Nós tínhamos decidido dar um passeio no rastro de riverfront para desfrutar a fratura no tempo. Ao longo do caminho, notamos que alguém descuidadamente descartou o lixo do Burger King na nova superfície de concreto perto da nova ponte. Jorge disse que sentiu uma pontada de nojo que poderia ter levado a sentir-se ofendido. Ele notou seus sentimentos de repulsa aumentando. Jorge, em seguida, fez uma pausa para deixar ir nojo. Foi quando sua pérola de sabedoria simplesmente surgiu em sua cabeça.
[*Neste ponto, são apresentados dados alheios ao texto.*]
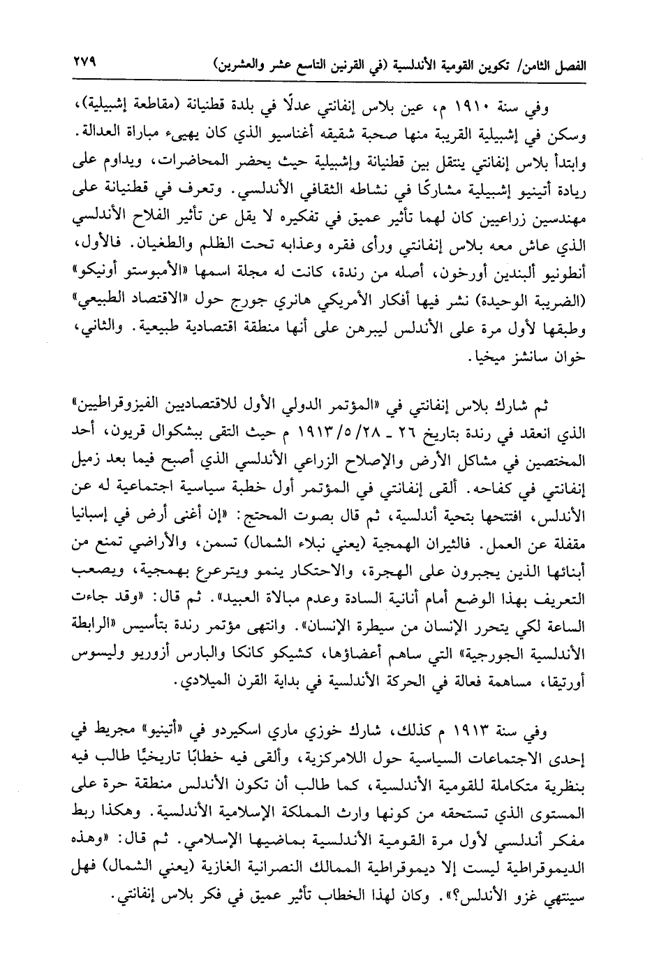 وفي سنة 1913 م كذلك، شارك خوزي ماري اسكيردو في "أتينيو" مجريط في إحدى الاجتماعات السياسية حول اللامركزية، وألقى فيه خطابًا تاريخيًّا طالب فيه بنظرية متكاملة للقومية الأندلسية، كما طالب أن تكون الأندلس منطقة حرة على المستوى الذي تستحقه من كونها وارث المملكة الإسلامية الأندلسية. وهكذا ربط مفكر أندلسي لأول مرة القومية الأندلسية بماضيها الإسلامي. ثم قال: "وهذه الديموقراطية ليست إلا ديموقراطية الممالك النصرانية الغازية (يعني الشمال) فهل سينتهي غزو الأندلس؟ ". وكان لهذا الخطاب تأثير عميق في فكر بلاس إنفانتي.

Quem quer que jogasse fora o lixo provavelmente não teria se importado menos com a sensibilidade de jorge. O litterer nem conhece jorge, ele ou ela estava simplesmente agindo de uma maneira irracional. Essa falta de consciência talvez tenha sido possibilitada pela total falta de qualquer lixeira em qualquer lugar ao longo da trilha. A visão dos sacos e contêineres de fast food encharcados foi um motivo para solicitar que o departamento de parques da cidade considerasse colocar latas de lixo ao longo da trilha. O lixo não era uma boa razão para se sentir ofendido.

Nós seres humanos podemos ser animais profundamente inseguros e sensíveis que se ofendem facilmente. Este fato está na raiz da nova e insultante palavra “floco de neve”. É freqüentemente usado para acusar os outros de serem facilmente ofendidos. O “floco de neve” é freqüentemente usado por indivíduos politicamente desencadeados de todas as persuasões quando estão no limite de suas dificuldades durante brigas em tópicos de teclas quentes.

O que deixamos de perceber é que, como as drogas estimulantes, ofender-se é uma maneira de revelar nosso poder pessoal. Quando sentimos indignação moral, nosso pensamento torna-se menos claro. Nossos apegos a certas visões se tornam mais rígidos. Ser ofendido traz consigo o risco de se tornar mais intolerante. Em vez de estarmos dispostos a entender os outros, dobramos e nos tornamos ainda mais tacanhos.

Depois, há a questão do discurso e das ações hábeis. Estar ciente da dignidade dos outros continua sendo importante. Uma pessoa que está se desenvolvendo pessoalmente não está apenas atenta à armadilha de se ofender, ela tem o cuidado de não causar danos deliberadamente falando e agindo de maneiras que magoem os outros. Podemos nos lembrar dessa maneira: não se ofenda e não ofenda. Como muitos fragmentos de sabedoria concisa, isso não é tão fácil quanto a simplicidade implica.